CO Card

In the Home tab, in the Define group, click the Media icon. From the ドロップダウンリスト select the Coating (CO) icon.

Note: The coating applies to all calculations following the CO card.

The CO card uses the material properties (label of the material) defined in the DI card. Therefore the DI card must be placed before the CO card. A layered medium is defined by referencing the labels of the materials to be used for the individual layers in the DL card.

Parameters:

Label of elements to coat

All segments or triangles with this label are coated.

No coating (as if CO card not present)

No coating present (as if the relevant label has no CO card). This is used to remove wire coatings from earlier solutions.

Wire coating (Popovic formulation)

In this case, the radius of the metallic core is changed internally to model the change in the capacitive loading of the wire and a corresponding inductive loading is added. The only restriction of this method is that the loss tangents of the wire coating and of the surrounding medium must be identical (for instance both media could be lossless).

Wire coating (volume equivalence principle)

This setting retains the radius of the metallic wire. The effect of the dielectric layer is accounted for by a volume polarisation current. The only restriction of this method is that the layer should not be magnetic in nature. This means that the relative permeability

μ_{r}

as well as the magnetic loss tangent

\tan δ_{u}

of the coating must be the same as those of the surrounding medium).

Electrically thin surface coating

This option adds multilayer dielectric/magnetic coatings to the surface triangles with the specified label. Different values for the permittivity and permeability of the layers are allowed, but the total coating must be electrically (that is relative to the wavelength in the coating) thin as well as geometrically thin (see the next item).

Dielectric / magnetic surface coating

This option adds electrically thick multilayer dielectric/magnetic coatings to the surface triangles with the specified label. This option requires that the total coating should be geometrically thin (relative to the triangle size, and as a result of the triangle size, also to the free space wavelength) as well as the curvature radius of the surface.

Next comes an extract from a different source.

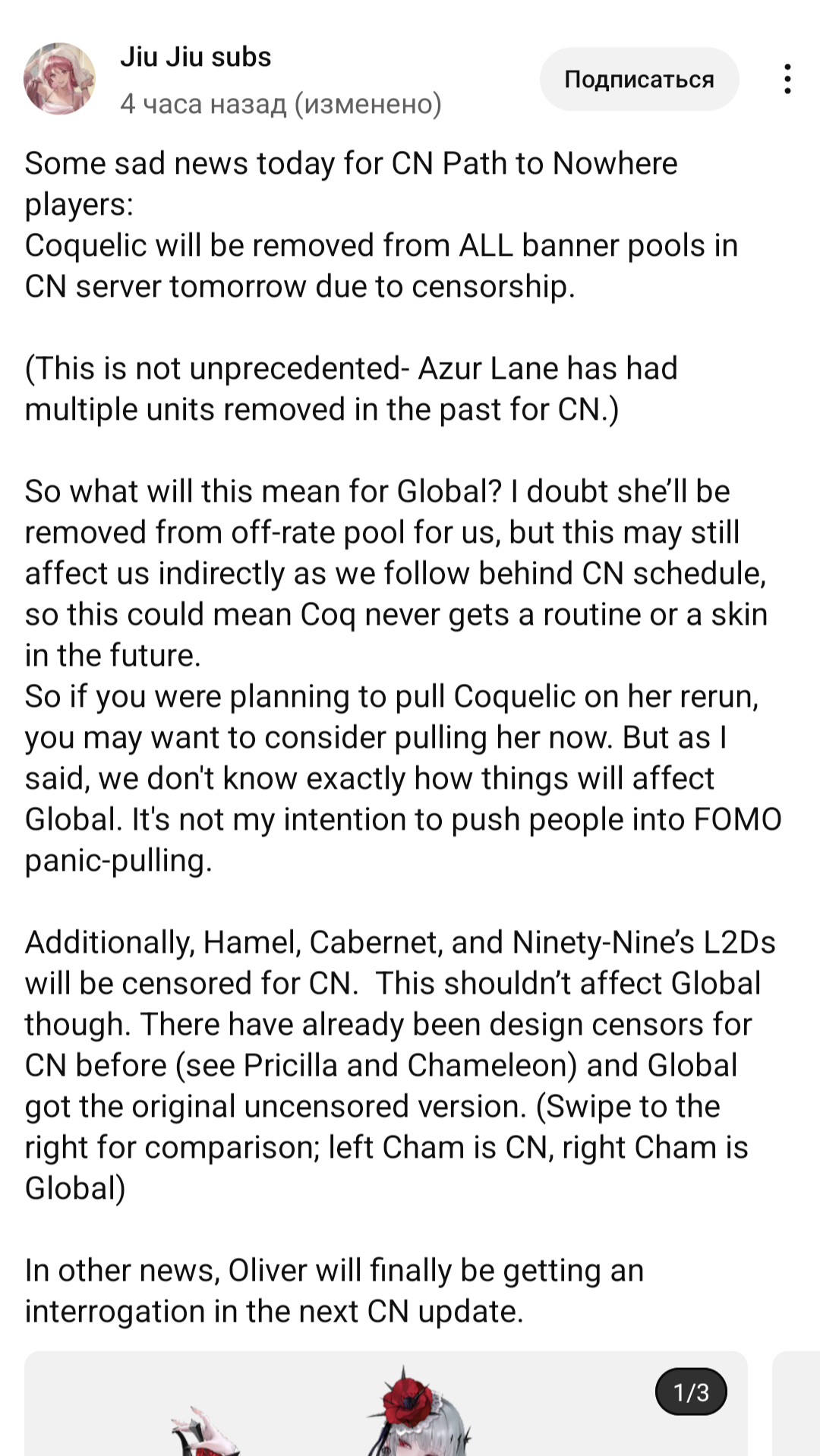 >>54560 На глобале игре пока всего 4,5 месяца, оригинальной китайской версии только недавно полгода стукнуло. Разрабы тут довольно лояльны, читают отзывы и после этого иногда даже вводят всякие фичи и QoL. Например, скоро для тех, кто упустил возможность выкупить особые ивентовые краймбренды (местные карты экипировки), выделят отдельную вкладку магазина в будущих ивентах такого же типа и пропущенные карточки можно будет забрать там.

This option may also be used when using the MoM / MLFMM and a single-layered, electrically thick, but geometrically thin coating is applied.

Only for closed structures with a PEC surface and the normal vector pointing towards the source(s).
Coating is applied to both sides of the PEC surface, since fields will be zero where there is no sources.
The accuracy of this option is higher when the propagation constant is high (high losses / permeability / permittivity).

Material label

Label of the material (as specified in the DI card) that will be used as a coating.

Layered dielectric label

Label of the layered dielectric medium (as specified in the DL card) that will be used as a coating.

Thickness of coating

For surface coatings, the thickness h_n of each respective layer. For wire coatings this is the radius of the coating less the radius

ϱ

of the wire-core. This value is in metres and is scaled by the SF card.

Wire radius

Wire radius

ϱ

of the metallic wire, without layers, in metres (it is scaled by the SF card). This overrides the values specified in the IP card. This field is only applicable to wire coatings.

When using the Popovic formulation for wire coatings, the following restrictions apply:

The loss tangent $\tan δ$ of the layer (which is calculated from the conductivity $σ$ and the relation $\tan δ = \frac{σ}{ω ε_{r} ε_{0}}$ ) has to be identical to the loss tangent of the surrounding medium.
Note: The surrounding medium usually is free space, and it is specified with the EG card.
Due to the change in the radius of the metallic core, no SK card should be active for the same label, otherwise the skin effect and/or the ohmic losses refers to the wire with changed radius.
For pure dielectric layers (that is the relative permeability $μ_{r}$ as well as the magnetic loss tangent $\tan δ_{u}$ of the layer are equal to those of the surrounding medium) the option Wire coating (Volume equivalence principle) is recommended.

Note: For wire coatings, no surface triangles with the same label are allowed. Likewise for surface coatings, no segments with the same label are allowed.

If the option Dielectric / magnetic surface coating (the electrically thick coating) is used, it must remain consistent for the whole Feko run. (It cannot be enabled for one solution and disabled for the next.) It is, however, allowed to change the thickness and the medium parameters of the coating.